● PROMPT:
With the pictures excluded, reproduce all of the data exactly.

● DATA:
============
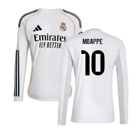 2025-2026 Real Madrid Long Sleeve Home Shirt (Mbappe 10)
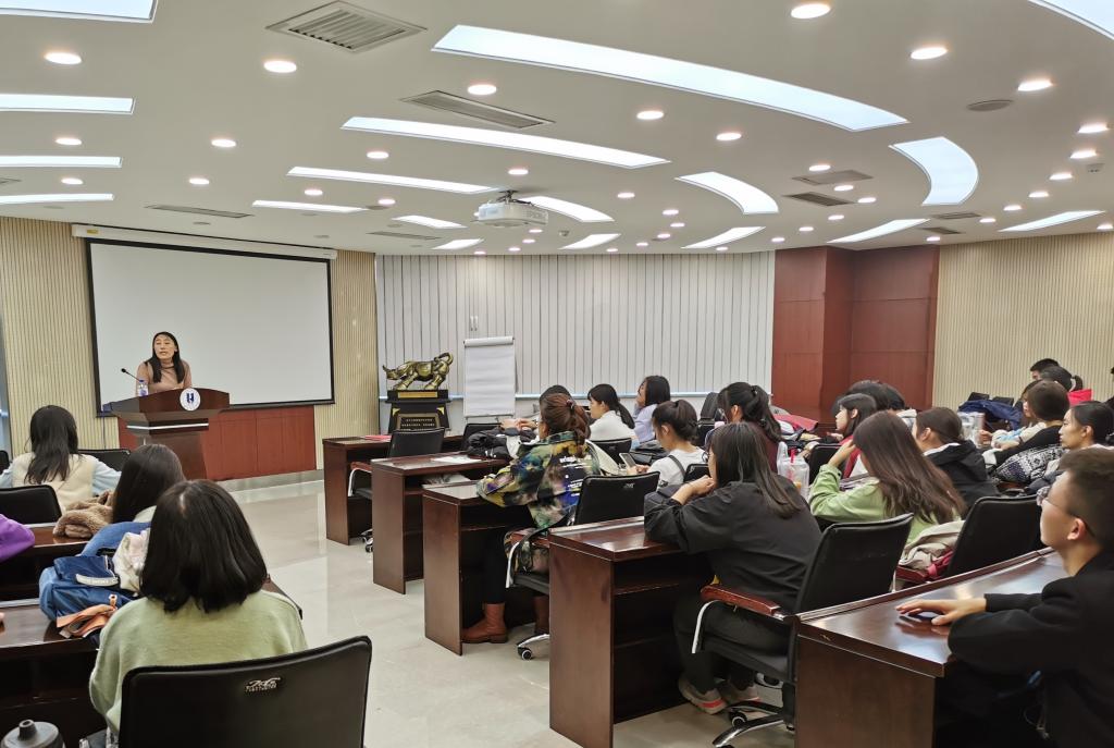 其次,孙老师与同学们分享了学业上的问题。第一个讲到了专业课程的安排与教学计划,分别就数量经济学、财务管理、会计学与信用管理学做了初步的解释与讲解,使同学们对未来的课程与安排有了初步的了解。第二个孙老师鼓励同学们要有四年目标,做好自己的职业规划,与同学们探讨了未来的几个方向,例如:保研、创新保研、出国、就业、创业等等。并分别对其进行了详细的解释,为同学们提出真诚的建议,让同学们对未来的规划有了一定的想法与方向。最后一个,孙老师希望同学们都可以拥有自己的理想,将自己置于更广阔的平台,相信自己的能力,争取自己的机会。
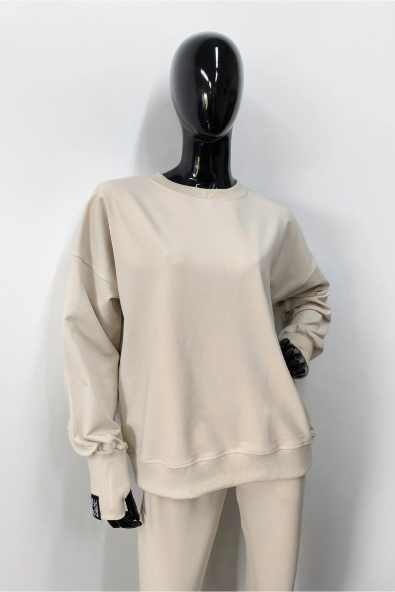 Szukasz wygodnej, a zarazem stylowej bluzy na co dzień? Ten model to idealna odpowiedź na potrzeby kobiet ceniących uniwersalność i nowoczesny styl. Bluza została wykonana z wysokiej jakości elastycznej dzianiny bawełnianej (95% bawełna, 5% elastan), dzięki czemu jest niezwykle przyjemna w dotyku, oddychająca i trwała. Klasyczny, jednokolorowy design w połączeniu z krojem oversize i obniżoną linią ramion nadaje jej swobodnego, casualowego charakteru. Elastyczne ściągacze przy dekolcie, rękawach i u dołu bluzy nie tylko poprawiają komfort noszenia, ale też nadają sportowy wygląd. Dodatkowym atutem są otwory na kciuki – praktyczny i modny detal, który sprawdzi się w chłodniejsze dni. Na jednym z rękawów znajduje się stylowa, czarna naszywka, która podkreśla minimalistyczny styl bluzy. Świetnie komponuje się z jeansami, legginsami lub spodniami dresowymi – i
============
● REPLY TO THE TASK:
 2025-2026 Real Madrid Long Sleeve Home Shirt (Mbappe 10)
 其次,孙老师与同学们分享了学业上的问题。第一个讲到了专业课程的安排与教学计划,分别就数量经济学、财务管理、会计学与信用管理学做了初步的解释与讲解,使同学们对未来的课程与安排有了初步的了解。第二个孙老师鼓励同学们要有四年目标,做好自己的职业规划,与同学们探讨了未来的几个方向,例如:保研、创新保研、出国、就业、创业等等。并分别对其进行了详细的解释,为同学们提出真诚的建议,让同学们对未来的规划有了一定的想法与方向。最后一个,孙老师希望同学们都可以拥有自己的理想,将自己置于更广阔的平台,相信自己的能力,争取自己的机会。
 Szukasz wygodnej, a zarazem stylowej bluzy na co dzień? Ten model to idealna odpowiedź na potrzeby kobiet ceniących uniwersalność i nowoczesny styl. Bluza została wykonana z wysokiej jakości elastycznej dzianiny bawełnianej (95% bawełna, 5% elastan), dzięki czemu jest niezwykle przyjemna w dotyku, oddychająca i trwała. Klasyczny, jednokolorowy design w połączeniu z krojem oversize i obniżoną linią ramion nadaje jej swobodnego, casualowego charakteru. Elastyczne ściągacze przy dekolcie, rękawach i u dołu bluzy nie tylko poprawiają komfort noszenia, ale też nadają sportowy wygląd. Dodatkowym atutem są otwory na kciuki – praktyczny i modny detal, który sprawdzi się w chłodniejsze dni. Na jednym z rękawów znajduje się stylowa, czarna naszywka, która podkreśla minimalistyczny styl bluzy. Świetnie komponuje się z jeansami, legginsami lub spodniami dresowymi – i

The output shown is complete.